Trump aims to boost AI innovation, build platform to harness government data
By Reuters Staff, November 24, 2025
President Donald Trump signed an executive order launching the “Genesis Mission,” a nationwide initiative to leverage federal scientific data for AI research. The plan creates an integrated AI platform combining supercomputers, national labs, and datasets to train advanced AI models. The U.S. Department of Energy will develop the platform, aiming to accelerate scientific discovery and AI innovation using government data.
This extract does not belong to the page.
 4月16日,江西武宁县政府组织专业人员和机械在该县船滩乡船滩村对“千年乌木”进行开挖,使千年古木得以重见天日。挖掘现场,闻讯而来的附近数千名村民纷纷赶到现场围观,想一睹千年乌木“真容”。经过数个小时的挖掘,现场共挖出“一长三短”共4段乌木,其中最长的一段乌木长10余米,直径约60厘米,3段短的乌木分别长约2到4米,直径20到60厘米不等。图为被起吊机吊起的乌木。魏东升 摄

Dozens of state attorneys general urge US Congress not to block AI laws
By Reuters Staff, November 25, 2025
A coalition of 35 U.S. state attorneys general urged Congress to let states write their own AI regulations rather than preempting them. Led by New York Attorney General Letitia James and others, they warned that unregulated AI could cause harm (e.g. from biased or unsafe algorithms). The group emphasized the importance of state-level protections, criticizing any federal move that would halt state AI laws amid stalled nationwide legislation.
Can Asia’s AI ‘losers’ reshuffle the leaderboard?
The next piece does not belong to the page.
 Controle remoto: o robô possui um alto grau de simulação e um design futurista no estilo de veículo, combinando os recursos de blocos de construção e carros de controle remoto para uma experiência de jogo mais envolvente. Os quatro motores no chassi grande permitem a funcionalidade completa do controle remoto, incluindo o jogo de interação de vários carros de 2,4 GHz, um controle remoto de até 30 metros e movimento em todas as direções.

By Reuters Staff, November 27, 2025
With investor enthusiasm cooling for U.S. AI giants, underperforming Asian markets are gaining interest. Stocks in India and Southeast Asia have lagged due to less direct AI investment and heavy IT/service sectors. As AI threatens routine jobs, investors see opportunity in countries adapting to the AI shift. The AI boom had powered U.S. and some Asian chipmakers, but a rotation may benefit formerly lagging markets.
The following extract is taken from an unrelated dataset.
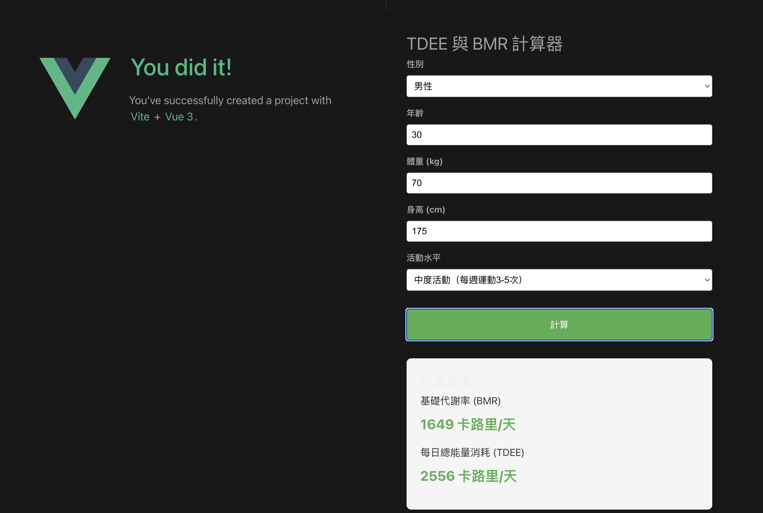 本文章夏格飛只用 Cursor + 口語化指令進行程式開發,不親手調整程式碼。預計製作一個簡單的卡路里計算器,可以藉由輸入身高、年齡與運動頻率等問題,計算出對應的基礎熱量消耗(BMR)與每日總熱量(TDEE)。下圖是最終成果。

Google, Accel partner to back Indian AI startups
By Reuters Staff, November 25, 2025
Technology giant Google and venture firm Accel plan to fund at least 10 early-stage AI startups in India through a new partnership. Each selected startup could receive up to $2 million, focusing on areas like entertainment, creative tools, enterprise solutions, and coding. This is Google’s first collaboration via its new AI Futures Fund, reflecting growing interest by global tech leaders in India’s booming tech scene.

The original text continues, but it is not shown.